Even if these claims were not barred, they are otherwise meritless. The Court's rulings during the course of the trial were firmly rooted in the law and in the Court's power to "impose silence, respect, and "decorum" and "submission to [the Court's] lawful mandates." Anderson v. Dunn, 19 U.S. 204, 6 Wheat. 204, 227 (1821); see also 18 U.S.C. § 401. And Gallion's claims of improper ex parte communications between the Court and various parties are specious and warrant no further discussion. As a result, Gallion's final objection fails.
V.
Gallion has not demonstrated that he is entitled to collateral relief under 28 U.S.C. § 2255. Likewise, he has not shown that this Court should issue a Certificate of Appealability on any claim. Accordingly, it is hereby
ORDERED as follows:
1) Defendant William J. Gallion's Motion for Recusal and Motion to Transfer [Record No. 1427] is DENIED.

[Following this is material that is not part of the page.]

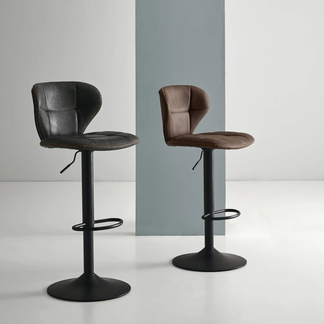 El taburete NELLY destaca por su elegante y robusto soporte de pies cromado. Su sistema de elevación por pistón y la capacidad de giro de 360º lo convierten en una pieza extremadamente útil y funcional.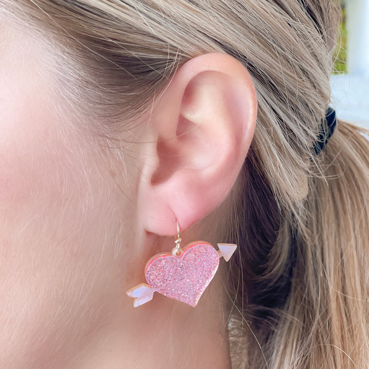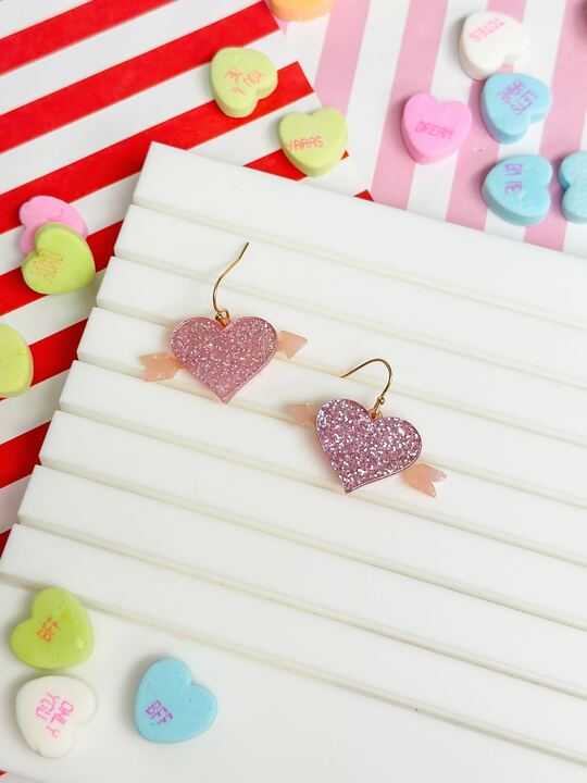 Add a touch of sparkle and whimsy to any outfit with our Acrylic Glitter Bow & Arrow Heart Dangle Earrings.

2) The Report and Recommendation of Magistrate Judge J. Gregory Wehrman [Record No. 1419] is ADOPTED and INCORPORATED by reference.
3) Defendant Gallion's objections to the Report and Recommendation [Record No. 1422] are OVERRULED.
4) Defendant Gallion's motion to vacate, set aside, or correct his sentence [Record No. 1406] is DENIED and this matter is DISMISSED from the Court's docket. A separate Judgment shall issue this date.
5) A Certificate of Appealability shall not issue.